12. Compound for its use according to any one of claims 1 to 9 or composition for its use according to claim 10 or 11, for preventing or treating tumorigenesis, leukemias, lymphomas, myeloproiiferative syndromes, skin cancer , lung cancer, pleural cancer, gastrointestinal cancer, pancreatic cancer, brain tumors, cervical cancer, ovarian cancer, liver cancer, ie bladder cancer, breast cancer, melanoma, colorectal cancer, endometrial carcinoma, salivary gland carcinoma, kidney cancer, head and neck cancer, prostate cancer, vulvar cancer, thyroid cancer or sarcomas.

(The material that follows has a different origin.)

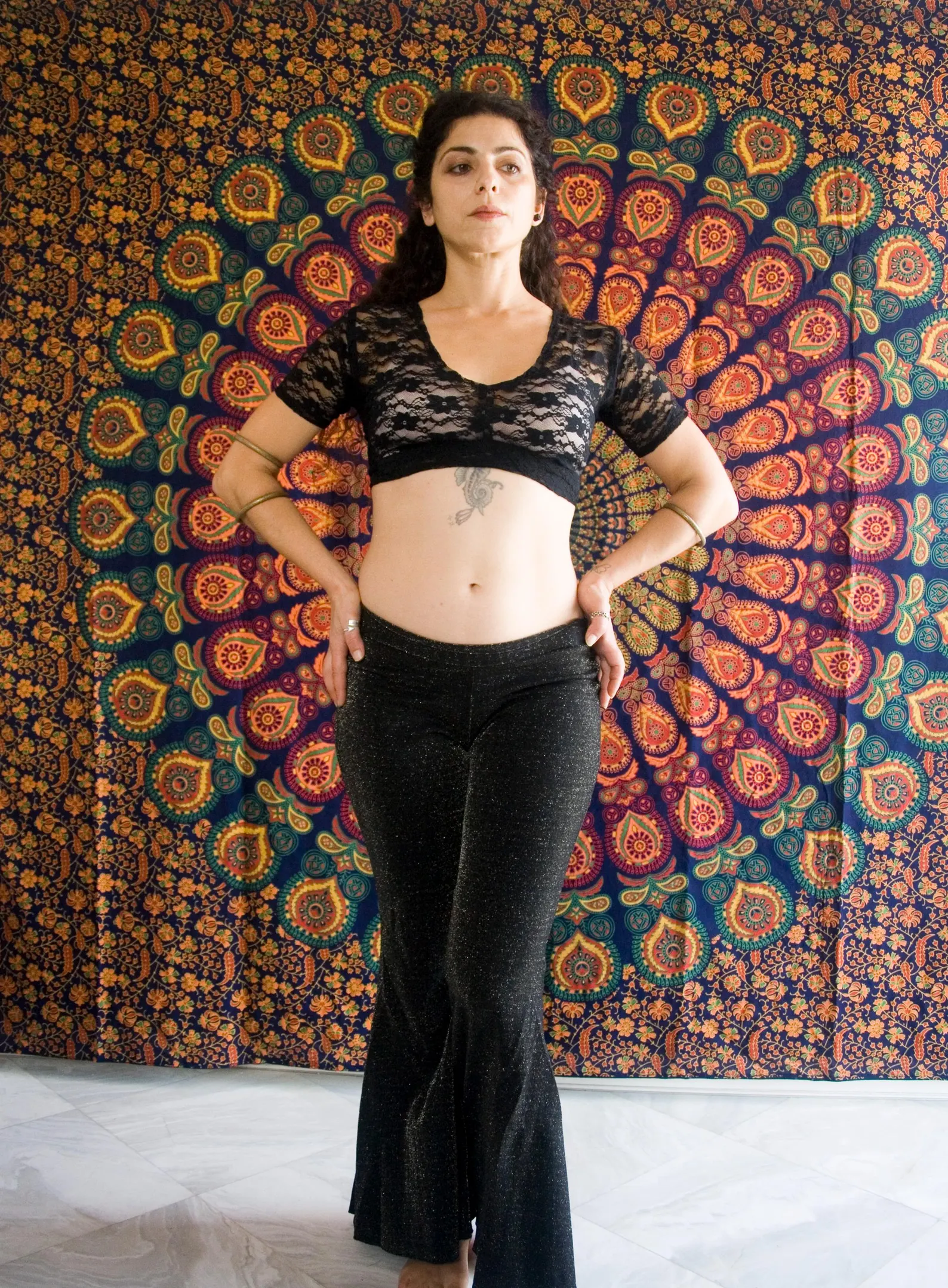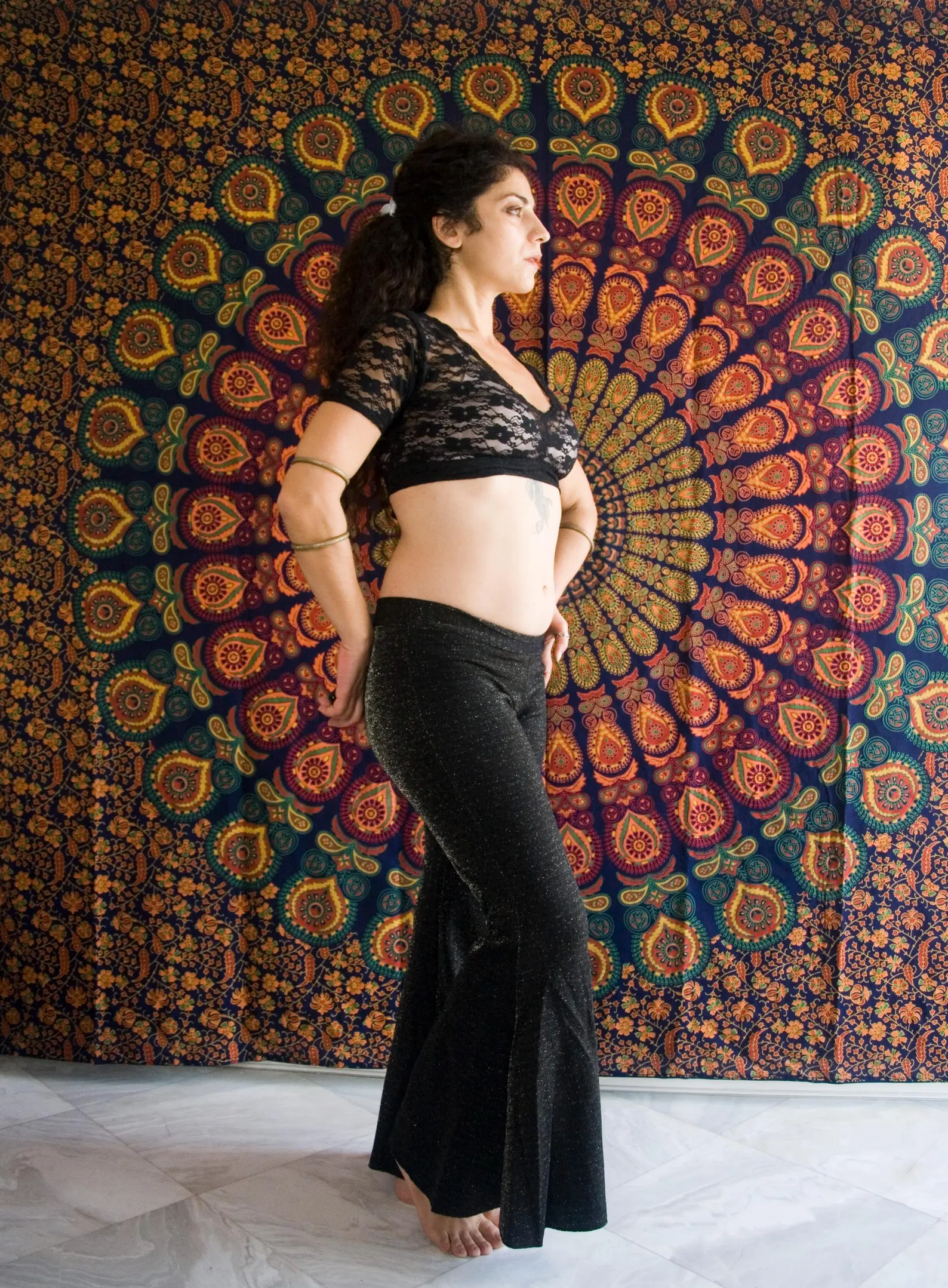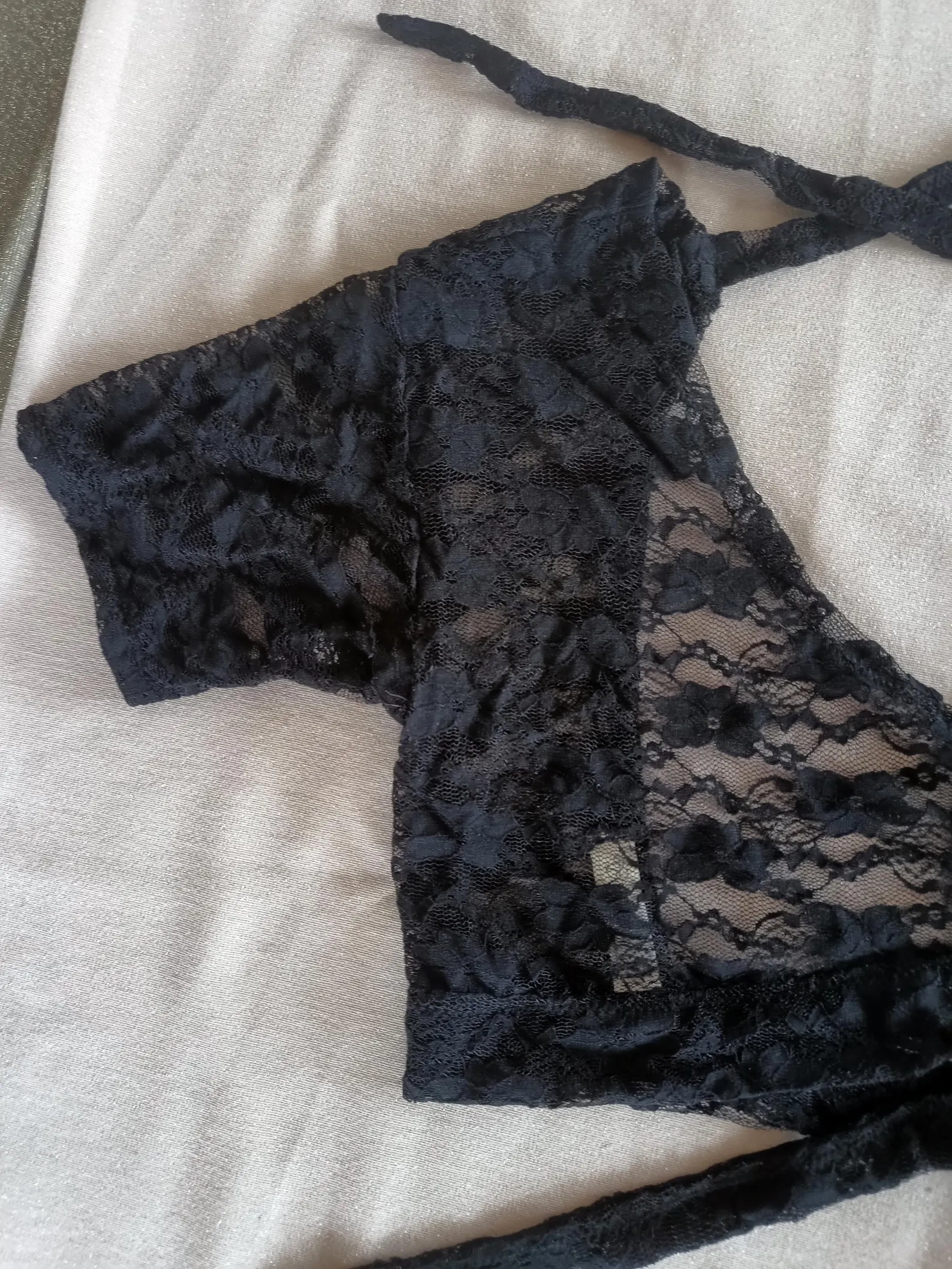 Black lace crop top with open back.

13. Compound for its use according to any one of claims 1 to 9 or composition for its use according to claim 10 or 11, for preventing or treating a hematological malignancy chosen from ie non-Hodgkin's lymphoma, ie Hodgkin's lymphoma, myeloma, ie myeloid sarcoma and leukemias such as acute lymphoblastic leukemia (ALL), acute myeloid leukemia (AML), chronic lymphoid leukemia (CLL), or chronic myeloid leukemia (CML).

14. Compound for its use according to any one of claims 1 to 9 or composition for its use according to claim 10 or 11, for preventing or treating a solid cancer chosen from cancers of the liver, pancreas, lungs, breast , prostate, kidney, head and neck, thyroid, colorectal, ie melanoma or chemoresistant cancers.